At Tara's suggestion, I implemented a simple ISS by feeding the output of the PDA10CS into an SR560 (ac-coupled) with some gain, and then the output of the SR560 into the EOAM.

I found that by turning on a 6 dB, 30 kHz low-pass filter on the SR560, I could put the gain at 500 without saturating the SR560 output. No inversion is necessary because positive voltage on the EOAM decreases the beam power (so there is already a minus sign in the loop).

I monitored the RIN by feeding the output of the PDA10CS into the SR785. The in-loop RIN is suppressed by a factor of 6 or so. Once Chas's board is here, the suppression should be much greater (since the gain will be 10⁶ at low frequencies).

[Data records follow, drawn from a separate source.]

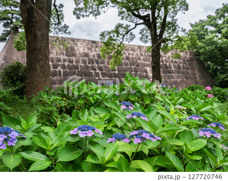 六月的皇居東御苑:天守閣石牆與繡球花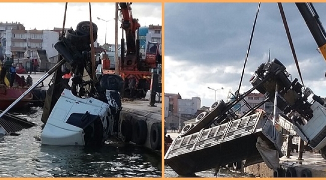 Şaka gibi görünen olay Karabiga limanında yaşandı. Kamyon akşam saatlerinde olay yerine getirilen çekici yardımı ile denizden çıkarıldı.
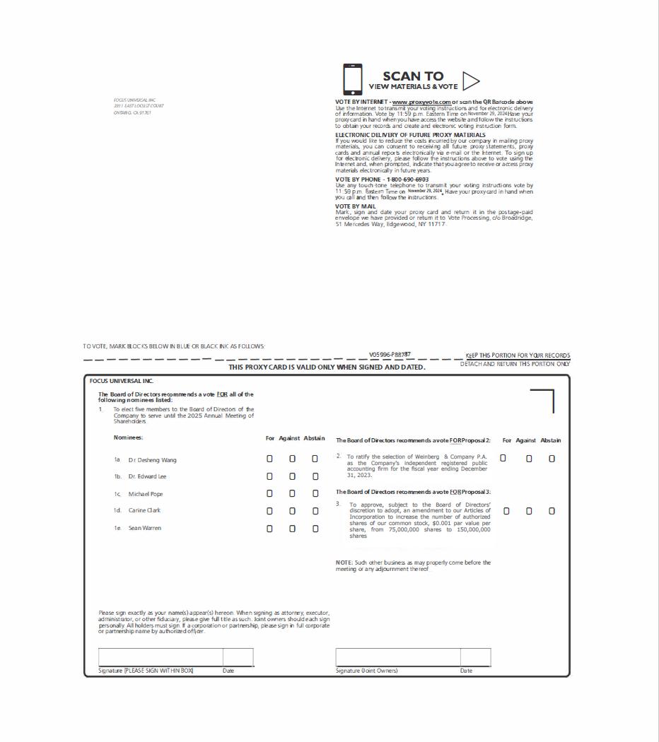 FOCUS UMVCRSAL INC Ell EASTLOCVSTCWRT Of,ffA ೦ O, CA 91761 Ƒ SCAN TO VIEW MATERIALS &VOTE [> VOTE BY INTERNET - www.proxyvote.com or scan the QR Barcode above Use the Internet to transmit your voting instructions and to, electronic del very TO VOTE, MARK BLOCKS BELOW IN BLUE OR BLACK INK AS FOLLOWS· ೦೦ P ೦ B2,_ KEEP THIS PORTIONFORYOURRECORDS THIS PROXY CARD IS VALID ONLY WHEN SIGNED AND DATED, DETACH ANDRETURN THIS PORTON ONLY FOCUS UNIVERSAL INC 2024 Nominees: For Against Abstain D D D Or Desheng Wang 1a D D D Dr. Edward lee 1b. D D D Michael Pope 1c D D D Carine Clark 1d. D D D Sean Warren 1e. Please sign exactly as your name(s) appear(s) hereon . When signing as attorney, executor, administrator, or other fiduciary, please give full title as such . Joint owners should each sign personally . All holders must sign . If a corporation or partnership, please sign in full corporate or partnership name by authorized off cer . I S I ignature [ P LEASE SIGN WITHIN BOX) I Date 7 The Board ofDirectors recommends a vote FOR Proposal 2: For Against Abstain D D D ε d: ε t εεεε : εεε r εε ೦೦೦ Ii ೦ e C:: ε o ε n εε n ε f1; εεε r;; fiscal year ending December 31, 2023. The Board of Directors recommends avote EQB_ Proposal 3: To approven amendment to our Art cles of lncorpcration D D D NOTE: Such other business as may properly come before the meeting or any adjournment thereof I I Signature (Join t Ovimers) I Date To ratify the selection of Weinberg & Company P . A . as the Company's independent registered public accounting firm for the fiscal year ending December 31 , 2023 . 3 . To approve, subject to the Board of Directors’ discretion to adopt, an amendment to our Articles of Incorporation to increase the number of authorized shares of our common stock, $ 0 . 001 par value per share, from 75 , 000 , 000 shares to 150 , 000 , 000 shares proxy card in hand when you have access the website and follow the instructions to obtain your records and create and electronic voting instruction form . ELECTRONIC DELIVERY OF FUTURE PROXY MATERIALS If you would like to reduce the costs incurred by our company in mailing proxy materials, you can consent to receiving all future proxy statements, proxy cards and annual reports electronically via e - mail or the Internet . To sign up for electronic delivery, please follow the instructions above to vote using the Internet and, when prompted, indicate that you agree to receive or access proxy materials electronically in future years . VOTE BY PHONE • 1 - 800 - 690 ೦ 903 Use any touch tone telephone to transmit your voting irstructions vote by r November 29, 2024 • ave your proxy card in hand when ; εε s ; a fl'a ε d Eth! ε foTi ε t h ε ins t ructions . H VOTE BY MAIL Mark, sign and date your proxy card and return it in the postage - paid envelope we have provided or return it to Vote Processing, do Broadridge, 51 Mercedes Way, Edgewood, NY 11717 of information. Vote by 11 :59 p.m. Eastern Time on November 29, 202 . 4 Have your The Board of Directors recommends a vote .EQ.Rall of the following nominees listed: 1 To elect five members to the Board of Directors of the Company to serve until the 2025 Annual Meeting of Shareholders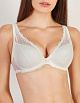 Кружевной бюстгальтер бралетт с дышащими чашками «спейсер» из коллекции №299 нежного молочного оттенка. На каркасах. Чашка формованная, полая, выполнена из 3D spacer-полотна, гибкая, немнущаяся, с внутренней боковой корректирующей деталью из капрона для лучшей поддержки. Внешняя сторона чашки из сшивного эластичного кружевного полотна с вертикальным членением, плавно переходящего в широкие кружевные бретели, регулируемые по длине сзади. Верхние кружевные срезы чашек укреплены тонкой эластичной лентой, что предотвращает деформацию при ношении. Линия соединения деталей стана занижена. Пояс выполнен из эластичного кружевного полотна.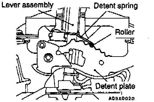 Shift the selector lever to the neutral (N) position, and then install the detent spring assembly so that the roller is in the detent plate groove.

The shape of the RIN spectrum has changed compared to the previous RIN measurement. The 2 kHz peak is gone, and the shelf from 100 Hz to 1 kHz has dropped. Maybe it's because Tara has damped a lot of the mechanical resonances of the table optics with rubber stoppers. The low-frequency RIN remains at a few times 10⁻⁴/rtHz. According to Tara, this is probably induced by seismic coupling (not by fluctuations from the laser), and so the right way to make it go away is to float the table.

There is a minor mystery here. Based on the previous RIN measurement, I expect the dark noise of the PDA10CS to be at 7×10⁻⁷/rtHz or so abve 1 kHz. Why have I apparently been able to measure below this noise floor in the attached plot?